Este paisaje elitista, etéreo, frívolo, lo dibuja con erudición y originalidad el ensayista italiano Piero Camporesi (1926-1997) en El sabor del chocolate, que ahora edita Debate en español. El historiador narra el triunfo de los destilados, las gelatinas, los sorbetes, los consomés y bebidas como el té y el café, que no embotaban los sentidos sino que hacían que las personas fuesen más activas y combativas, frente a los a los sanguinolentos pedazos de animales que había que roer. "El gusto del siglo era más propenso a ver y a oír que a saborear y a comer", resume el autor.
Sitúa Camporesi el embrión de la gran época de la alta cocina francesa durante la negociación del Tratado de Utrech, en las mesas de los embajadores plenipotenciarios, y su madurez en los años de la regencia de Felipe de Orléans (1715-1723). Vincula, además, la hegemonía cultural y el internacionalismo culinario galo con el expansionismo militar y la política dinástica de los Borbones: Francia exportaba cañones, ideas y recetas.
"Más que una floración fue un estallido, una explosión imprevisible de refinamiento, combinada con la alegría de vivir y el sutil placer de la conversación chispeante", explica el historiador sobre el fenómeno de reforma gastronómica. "Esa ciencia de los sabores dio un brío inigualable a la cultura del siglo y constituyó un propelente inigualable de las ideas de los filósofos y de las damas intelectuales".
El producto estrella de la época fue el chocolate, el "caldo de las indias", esa "bienaventurada eternidad potable", un "gémino tesoro", según lo definieron entonces. Su origen conduce a México, al Nuevo Mundo, fábrica de otras novedades exóticas que fascinaron a los europeos del XVIII. Concretamente fueron los conquistadores españoles, liderados por Hernán Cortés, quienes tomaron su uso de los aztecas, transformando en una bebida agradable, dulcificada, el chocolat picante, especiado, que constituía el alimento de los dioses.

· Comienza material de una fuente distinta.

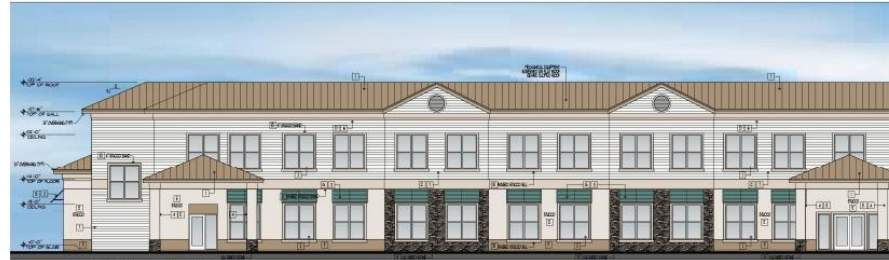
FRONT (NORTH) ELEVATION - PHASE 2 SCALE: SEE NEXT SHEET 1 FOOT

Durante la Ilustración el chocolate se preparó mezclando sencillamente azúcar y cacao con un ligero toque de vainilla y canela. Fue una bebida especialmente reivindicada por los jesuitas, que conoció un "frenesí generalizado", "una marcha triunfal", destaca Camporesi, más arrolladora incluso que la del café. No podía faltar en las mesas coloridas de la aristocracia y en las veladas de debate de los salones literarios. Atrás quedó su función como ingrediente sólido e importantísimo de las raciones de los soldados, aunque pocos se imaginarían su nueva reputación del futuro, nuestro presente: la virtud de convertirse en comida erótica.